Enterprises and leaders must re-master themselves to succeed. In: The State and Healthcare. Im Vergleich zeigen unsere Ergebnisse für den Gesamtindex, dass die Finanzierung der Gesundheitsausgaben innerhalb der vergangenen 15 Jahre geringfügig weniger regressiv geworden ist von -0. How does state transformation affect the outcomes of the healthcare system? Sie benötigen eine sowie eine. This list may not be exclusive though publication and discussion of the list of criteria should help raise awareness in this field of what constitutes high quality research. Therefore it brings together a wide range of empirical and theoretical contributions from occupational health, management, psychology, medicine, economics, and organizational sociology to address the question of how to sustainably promote occupational health. We found that the optimal approach is to offer a comprehensive service package tailored to the needs of the individual company on a pay-per-use basis.
Obgleich in öffentlichen Debatten häufig mit sozialer Gerechtigkeit argumentiert wird, fehlt ein entsprechendes Konzept und demzufolge auch die empirische Fundierung. We identified increasing similarities between the three system types National Health Service, social health insurance and private health insurance. Nevertheless, none of these organizations precisely characterize telemedicine considering its place into the healthcare system and its institutional arrangement. By applying a multidimensional framework, the changing role of the state in financing, service provision, and in the regulation of the health care system are scrutinized. She was a member of the Collaborative Research Center 597 in Bremen, Germany between 2003 and 2010.

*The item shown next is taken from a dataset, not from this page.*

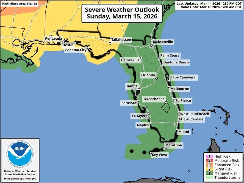 Florida. Tomorrow things go downhill. Random storms across the whole state, peninsula especially, at first. Then overnight into Monday AM could be …
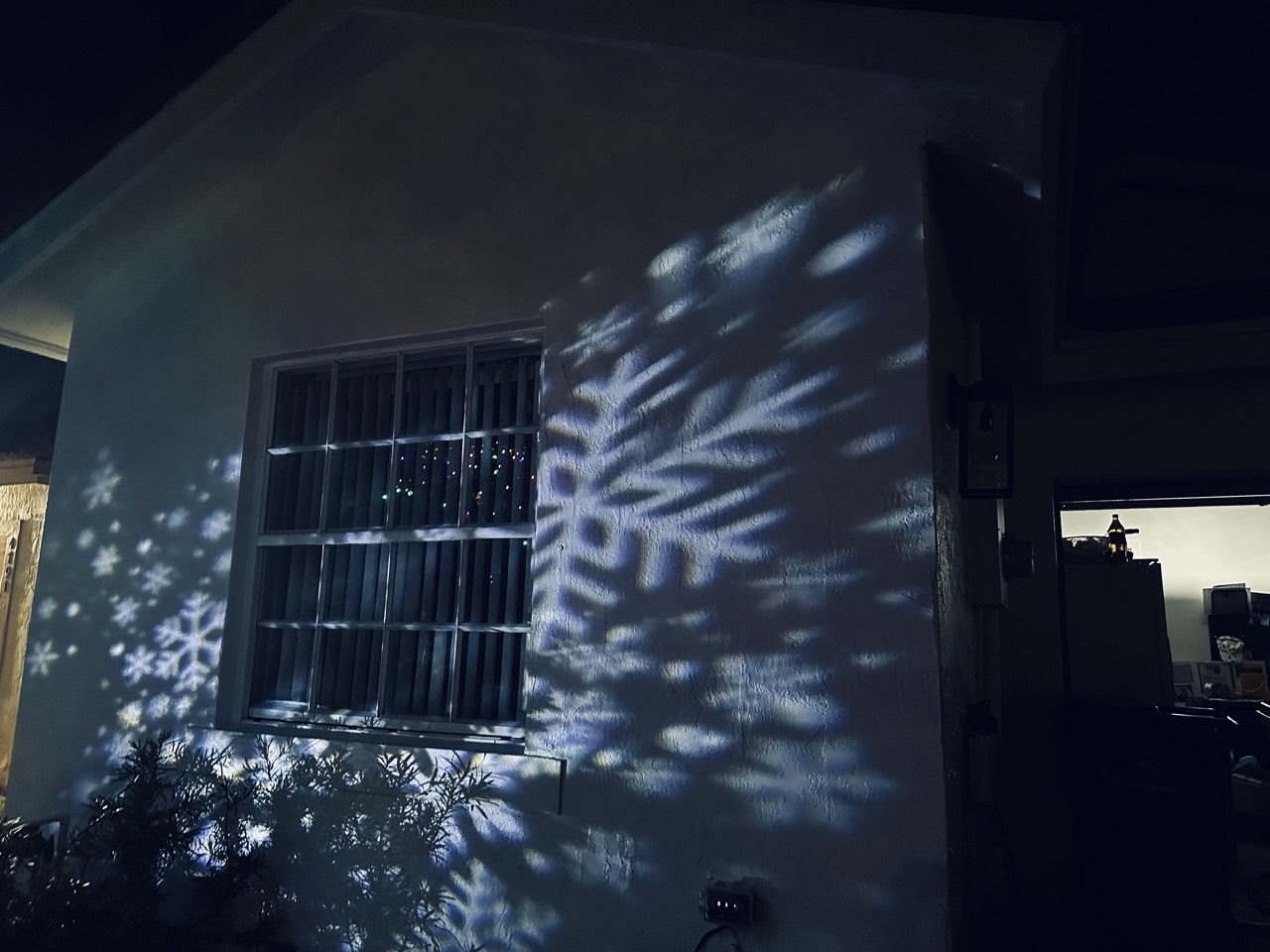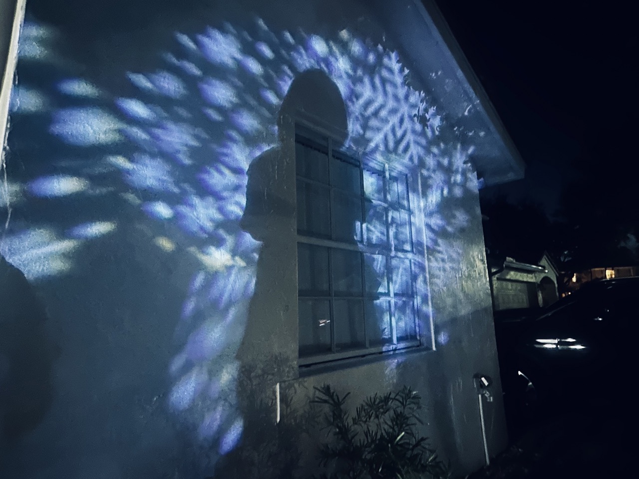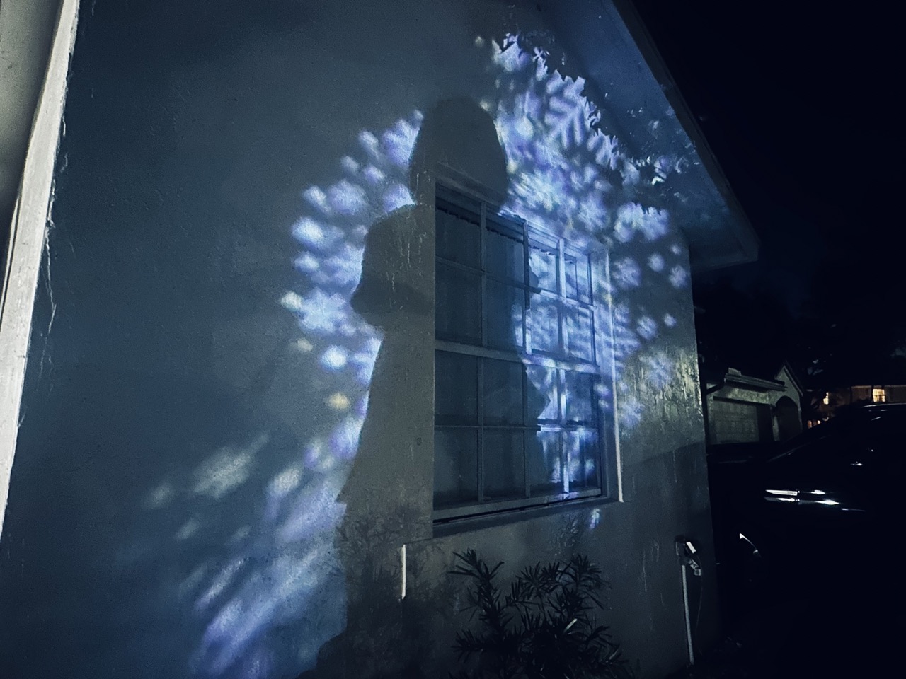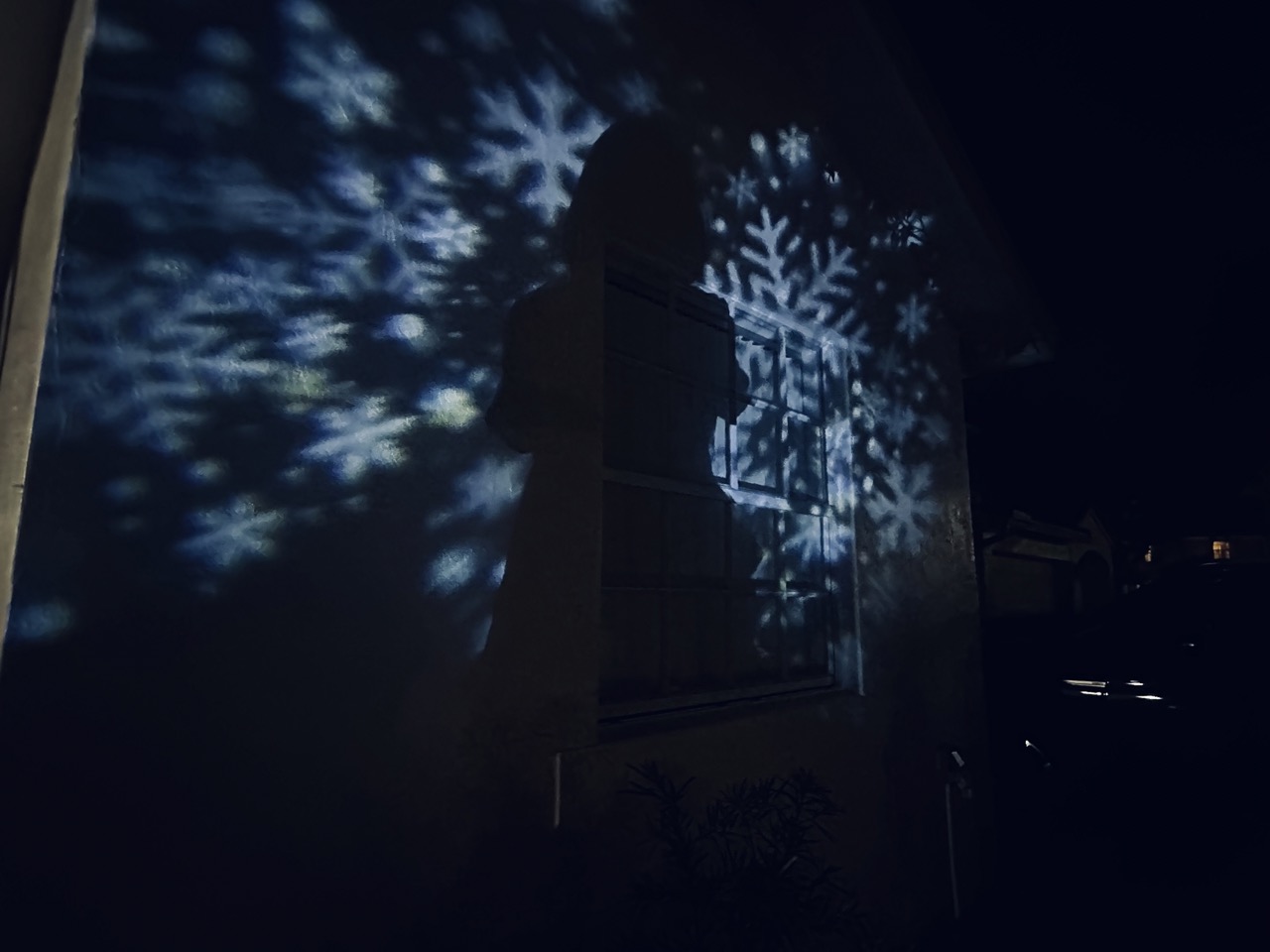 I felt like a little girl when I discovered this Christmas spotlight that created shadows on the wall of my son's house.

He joined the project on the state and healthcare at the end of 2005. His main research interests include comparative social policy and health policy. He joined the project on the state and healthcare at the end of 2005. Following the conference, Lorraine and her colleague Mirella Cacace worked with Lawrence D. The few data available on ser-vice provision, in contrast, show neither signs of retreat of the state nor of convergence. Health care was no exception.

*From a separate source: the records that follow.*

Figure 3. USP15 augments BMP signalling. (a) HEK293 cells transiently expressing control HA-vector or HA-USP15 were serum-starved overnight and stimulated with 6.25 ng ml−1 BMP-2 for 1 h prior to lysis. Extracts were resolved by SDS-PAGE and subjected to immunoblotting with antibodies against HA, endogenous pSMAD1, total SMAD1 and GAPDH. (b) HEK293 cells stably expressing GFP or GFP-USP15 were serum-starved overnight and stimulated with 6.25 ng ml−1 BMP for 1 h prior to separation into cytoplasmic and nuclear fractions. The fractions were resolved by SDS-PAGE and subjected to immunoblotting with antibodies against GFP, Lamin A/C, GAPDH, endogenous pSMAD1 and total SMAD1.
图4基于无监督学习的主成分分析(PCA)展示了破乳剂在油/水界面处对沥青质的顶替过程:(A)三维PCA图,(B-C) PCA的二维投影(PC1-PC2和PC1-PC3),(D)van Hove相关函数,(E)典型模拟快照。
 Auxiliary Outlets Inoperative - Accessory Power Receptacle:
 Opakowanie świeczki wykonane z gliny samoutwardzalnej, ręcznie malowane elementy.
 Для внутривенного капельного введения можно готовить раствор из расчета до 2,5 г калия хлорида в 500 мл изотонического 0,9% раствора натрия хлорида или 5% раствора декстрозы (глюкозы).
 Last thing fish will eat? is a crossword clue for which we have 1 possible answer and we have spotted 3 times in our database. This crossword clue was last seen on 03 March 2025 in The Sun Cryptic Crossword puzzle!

Yet to stand still is to fail. Starting in the 1990s, for example, we observe that in many predominately publicly financed health-care systems market-oriented health-care reforms have been implemented or proposed van de Ven, 1996; Freeman and Schmid, forthcoming , whereas in countries with private insurance systems access to health care and the introduction of universal health insurance have gained political salience Skocpol, 1994; Zweifel, 2000. We argue that the specific health care system type is an essential contributor to these changes. Leaders must identify the key macro forces, then lead their organizations at three distinct levels: industry, enterprise, and self. Changes in the funding mix may be caused by political interventions such as the inclusion of new groups in a public health1 insurance scheme, changes in co-payment rules or the scope of the benefit package covered by the public system Maarse 2004b.